Smith points out in the Post article an additional disquieting, seldom-acknowledged fact: Denmark, once known for its Lutheran piety, now has legalized bestiality in Copenhagen’s “bestiality brothels” (which have been known to advertise their services in newspapers), and it is estimated that at least five percent of all Danish men have had carnal commerce with animals.

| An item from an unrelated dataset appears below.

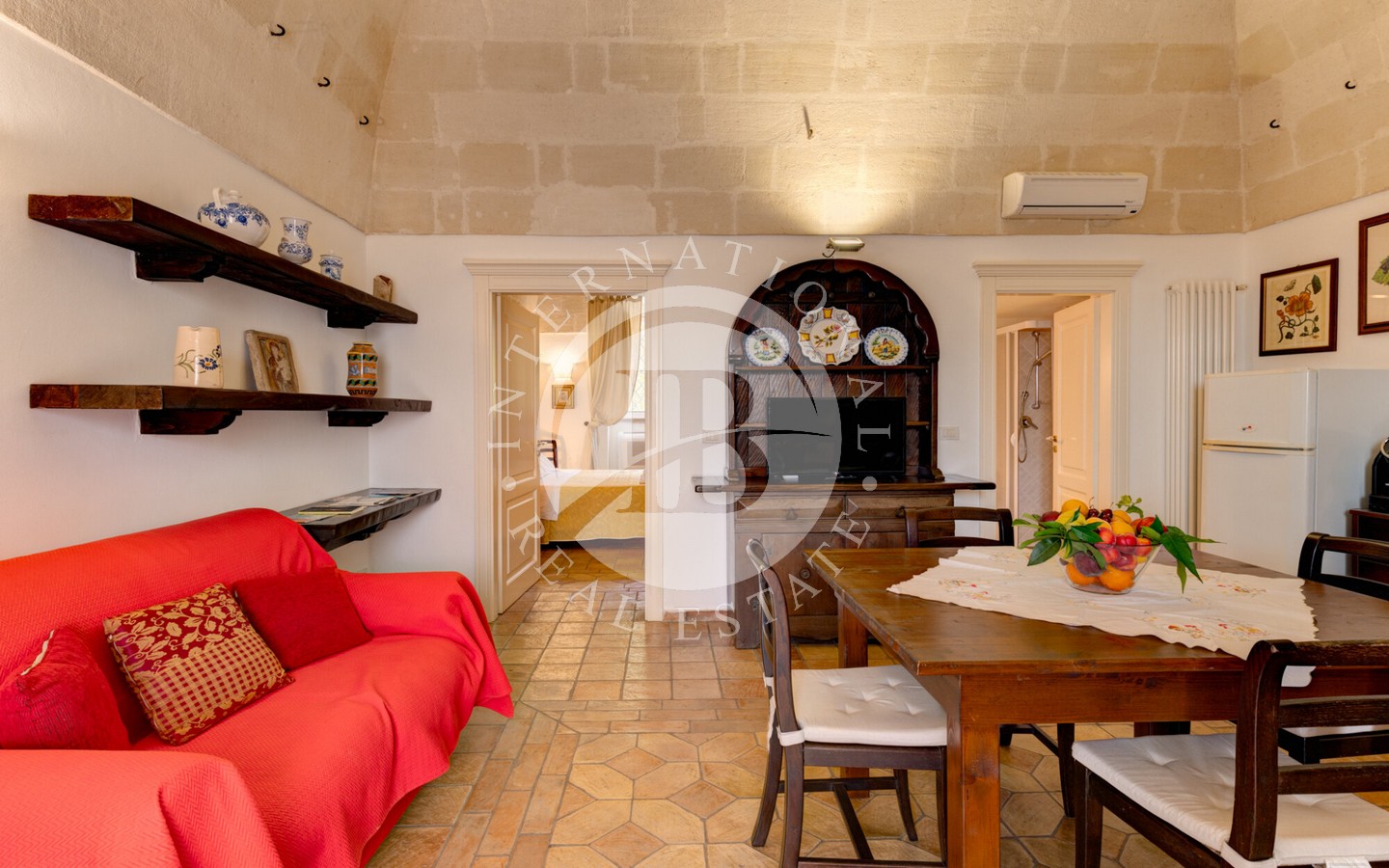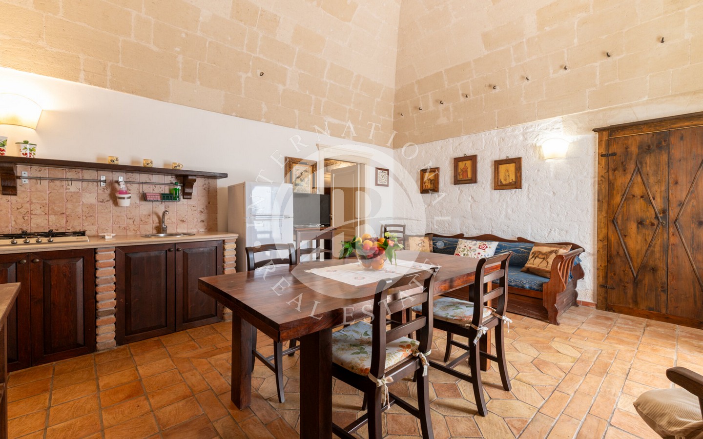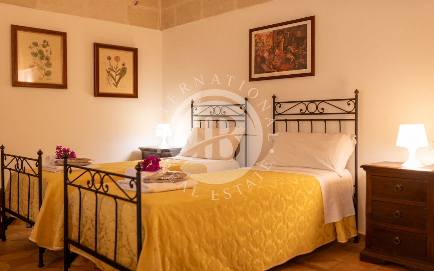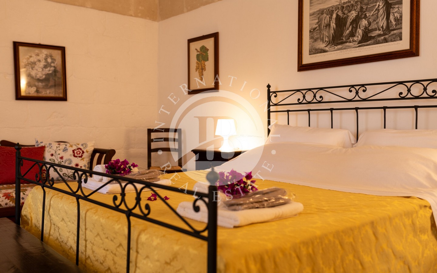 Attualmente la masseria ospita una fiorente attività agrituristica con regolare licenza e molteplici flussi di reddito. Al suo interno si trovano sei appartamenti indipendenti, arredati con gusto in stile arte antica, che offrono un totale di 22 posti letto. La licenza permette un’espansione fino a 45 posti letto. Ogni appartamento è dotato di bagno e cucina privata, con arredi in legno massello e accessori completi, tutti inclusi nella vendita.

This is disconcerting but hardly surprising for those familiar with 20th-century Scandinavian culture. Scandinavian countries were among the first to introduce compulsory sex education and to legitimize the promiscuity that has since engulfed all of the former Christian countries of the West. This is democratic socialism’s dirty little secret: It is not only a system of economic mismanagement, but also a vehicle for radical cultural subversion (often known as “cultural Marxism”), under which heading the destruction of traditional sexual mores figures prominently. Abortion, promiscuity, homosexuality, and even baser perversions all find legitimacy in the democratic socialist program.

Beyond Denmark, other Nordic countries have their share of socioeconomic ills. Finland has staggeringly high rates of alcoholism and suicide (50 percent higher than the United States), and its murder rate leads Western Europe. Tiny Iceland, once touted as an economic miracle, turned out to have the mother of all housing bubbles. Sweden’s tax rates are second only to Denmark’s, and her economy is in terminal decline. Sweden is also experiencing an unprecedented crime wave associated with immigrants from the Middle East.

Only Norway appears to be on an even keel — but Norway, like the Gulf Arab states, Brunei, and Venezuela, is the beneficiary of huge oil reserves, which keep money flowing into government coffers.

Booth’s chief indictment of Nordic society is that the cultures are cultures of blandness and mediocrity. People do not live in poverty — but neither do they excel, in large measure because the Danes, Swedes, Finns, and Norwegians look askance at non-conformists, outsiders, and risk-takers.

That socialism is viable at all is a testament to the ethnic homogeneity of the Nordic countries and to the high cultural tolerance for uniformity and mediocrity. Even so, Booth’s descriptions of sullen clerks, poor-quality groceries, and inefficient public services are reminiscent of the old Soviet Union and Eastern Bloc countries.

In short, the Danes and Swedes are welcome to their socialism, but it would be disastrous for America to try to follow their example.